[255] Cf. Vol. I., p. 88.—T.

[256] Ibid., pp. 74 et seq.—T.

[257] Ibid., pp. 81 et seq.—T.

[258] By the old laws of the Monarchy, the majority of the Kings of France was fixed at the commencement of their fourteenth year. The memory of this law determined several hundreds of Frenchmen to go together to visit the Elder Branch of the Bourbons, at fifteen hundred miles from their country. This manifestation carried with it a certain hostility to the new Dynasty. The Government of July, accordingly, did not fail, naturally enough, when all is said and done, to put some petty annoyances in the way of the travellers. It prevailed upon the Austrian Government to turn a large number of them back at the frontiers. In Frankfort and Munich, King Louis-Philippe's chargés d'affaires refused to give the necessary visas; several were detained at Pilsen and Waldmünchen, as also at Mayence and Eger.

Moreover, this little manifestation was looked upon almost as unfavourably in Prague as in Paris. King Charles X. and his son, the Dauphin, had abdicated at Rambouillet, and they had no thought of withdrawing their respective abdications; only, in order to keep up the moral absence of responsibility of the Duc de Bordeaux and also to facilitate the relations between the exiles and the Cabinets, particularly the Cabinet of Vienna, they wished to retain, while on foreign soil, a title which seemed to them inseparable from that of heads of the Bourbon Family.

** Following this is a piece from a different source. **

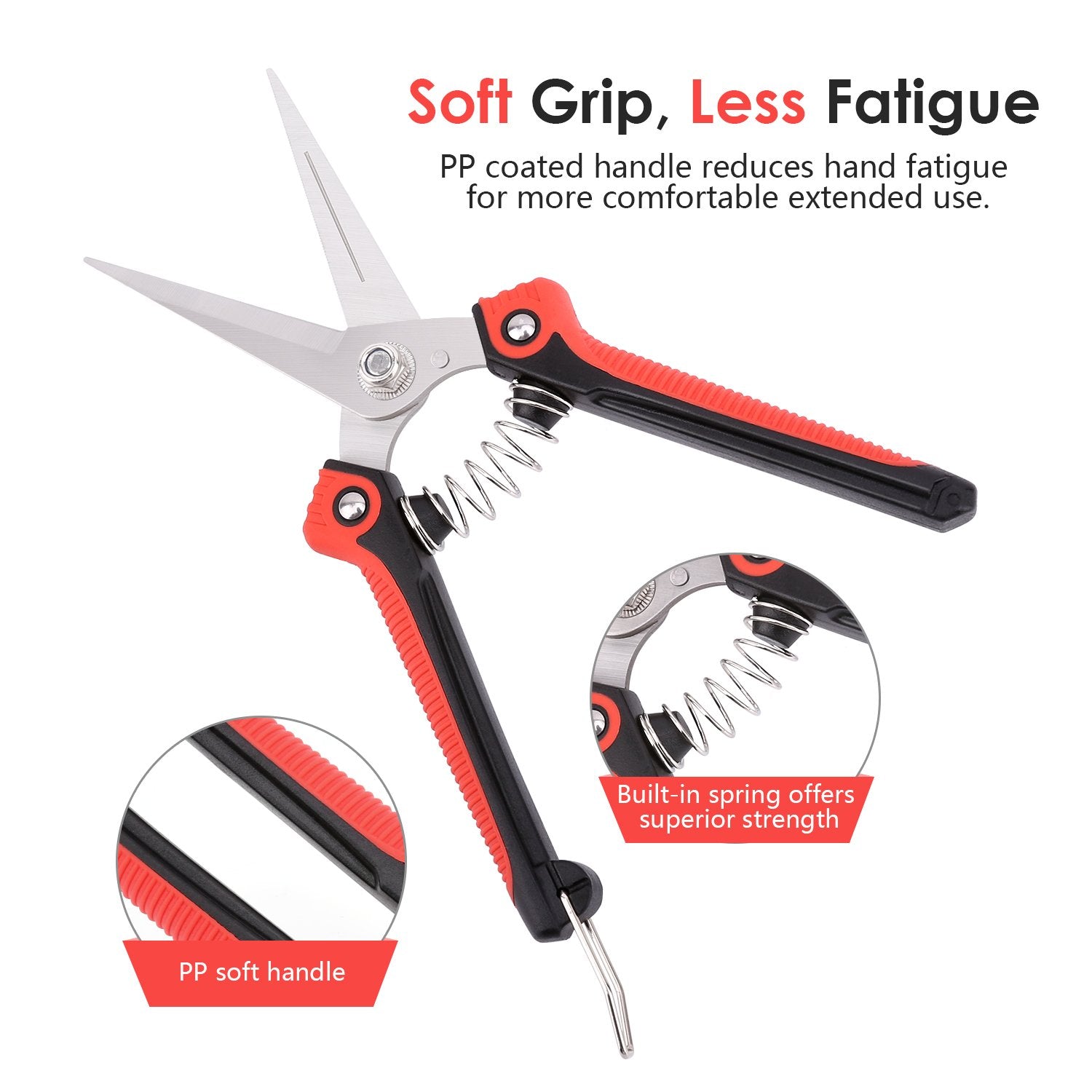 - PREMIUM MATERIAL: Pruning scissors made of high carbon steel with ultra-fine polishing technology, which is strong and abrasive resistance, the blades are heavy duty and will stay sharp for a long time.

The journey of the young Frenchmen who were coming to greet Henry of France on the day of his entering upon his fourteenth year might upset those private arrangements of the exiled Family. It was therefore not calculated to please the old King and his son. Hence the little incidents which the author of the Memoirs will presently describe to us.—B.

The Duc de Bordeaux was born on the 29th of September 1820, seven and a half months after his father's assassination, and therefore attained his majority, according to the laws of the French Monarchy, on the 29th of September 1833—T.

[259] "Among the visitors to Prague were Vendeans whose wounds were not yet closed and as many as eight persons who had been sentenced to death in their absence and who had saved their heads by flight." (Alfred Nettement: Henri de France, Vol. I, p. 264).—B.

[260] The Chroniques de Saint-Denys or Grandes chroniques de France were chronicles compiled from the earliest times of the French Monarchy by the Benedictines of Saint-Denis and kept in the treasury of the abbey. The Abbot of Saint-Denis used to appoint a monk as historiographer whose duty it was to follow the Court in order to collect and write down events as they occurred. On the death of the king, a history of his reign was drawn up from these notes, and this history, after being submitted to the Chapter, was incorporated in the Grandes chroniques. Suger, who became Abbot of Saint-Denis in 1122, collected all the chronicles compiled from the commencement of the Monarchy and himself wrote those of his own time. After the discovery of printing, an abstract of the Grandes chroniques was prepared and published by Jean Chartier, the Benedictine, in 1476, under the title, Chroniques de France depuis les Troiens jusqu'à la mort de Charles VII., in 3 volumes 4to. They constitute the first French book known to have been printed in Paris. These three volumes, which brought up the History of France to 1461, were reprinted, with a continuation to 1513, in 1514. A more recent edition appeared in Paris in 1836 to 1841, in 6 volumes 8vo.—T.

[261] Alfred Xavier Baron Dufougerais (1804-1874), a member of a royalist family, was a barrister in Paris when, in 1828, he became one of the proprietors and one of the editors of the Quotidien. In April 1831, he bought the Mode, revue du monde élégant from Émile de Girardin, its founder, and turned it into a political organ. He kept the fashion article and plates, so as to justify the title and retain the advantages attaching to the speciality; but at the same time the paper, in his hands, became a formidable weapon against the Monarchy of July. Without being exactly a writer, Alfred Dufougerais possessed the journalistic instinct to a high degree, and, under his management, the Mode soon took the leading place in the van-guard of the royalist press. In September 1834, the state of his health obliged him to transfer the ownership of his paper to other hands. Alfred Dufougerais, who was gifted with a genuine talent for speaking, preferred the contests of the bar to those of the press. He appeared in all the leading newspaper trials and soon became standing counsel to the royalist journals both in the provinces and in Paris. Among other feats, he thrice obtained the acquittal of the Indépendant de l'Ouest at Laval. In 1849, Dufougerais was elected by the Department of the Vendée to the Chamber of Deputies, where he constantly voted with the Right until the coup d'État of 2 December 1851, when he retired into private life.—B.

[262] Charles Vicomte de Nugent, poet and prose-writer and a member of the editorial staff of the Revenant and the Mode.—B.